WORK ORDER:
With the images removed, write out every line below exactly.
==== RECORDED DATA ====
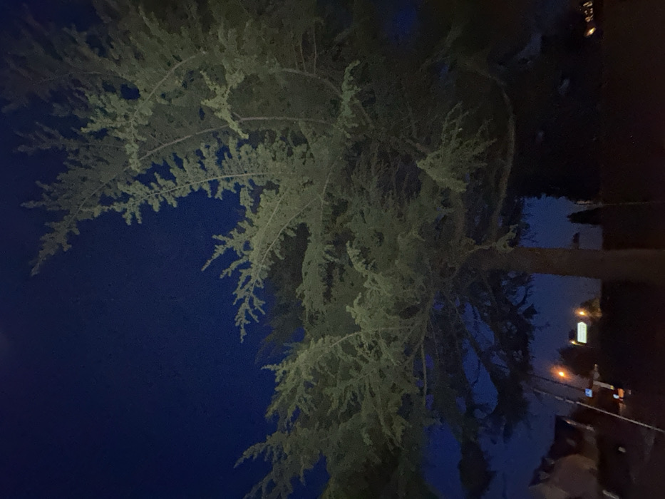 - "A large evergreen tree dominates the frame, its branches reaching toward the upper left corner against a dark blue, almost black, sky" by FM-iKko62, licensed under CC BY 4.0
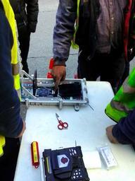 | Keywords: Divisores Ópticos caixa (A Coruña).jpg gl Técnico sinalando os tres divisores ópticos 1 4 dunha caixa de empalmes FTTH en primeiro termo unha fusionadora de fibra óptica 2013-12-14 12 33 05 own Nemigo cc-zero Uploaded with UploadWizard Optical fibers |
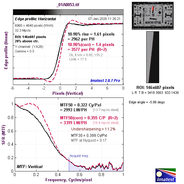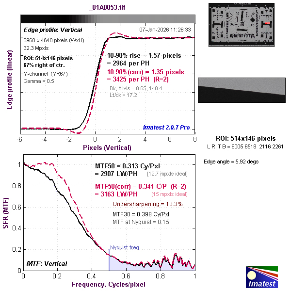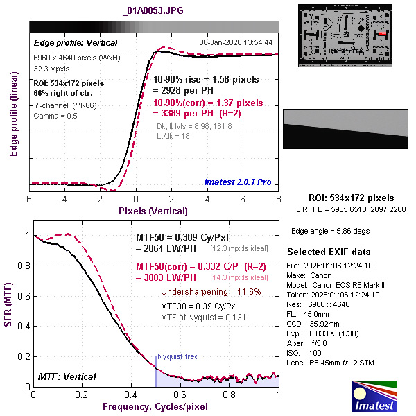Our Imatest evaluations, which were made with the RF 45mm f/1.2 STM lens, which is not an ideal match since it’s been designed for entry-level full-frame cameras. Fortunately, however, we were able to find some optimal settings where resolution came close to – or in the case of CR3.RAW files, just above – expectations for the camera’s 32.3-megapixel sensor.
====
RESULT OF THIS TASK:
 - "A large evergreen tree dominates the frame, its branches reaching toward the upper left corner against a dark blue, almost black, sky" by FM-iKko62, licensed under CC BY 4.0
 | Keywords: Divisores Ópticos caixa (A Coruña).jpg gl Técnico sinalando os tres divisores ópticos 1 4 dunha caixa de empalmes FTTH en primeiro termo unha fusionadora de fibra óptica 2013-12-14 12 33 05 own Nemigo cc-zero Uploaded with UploadWizard Optical fibers |
Our Imatest evaluations, which were made with the RF 45mm f/1.2 STM lens, which is not an ideal match since it’s been designed for entry-level full-frame cameras. Fortunately, however, we were able to find some optimal settings where resolution came close to – or in the case of CR3.RAW files, just above – expectations for the camera’s 32.3-megapixel sensor.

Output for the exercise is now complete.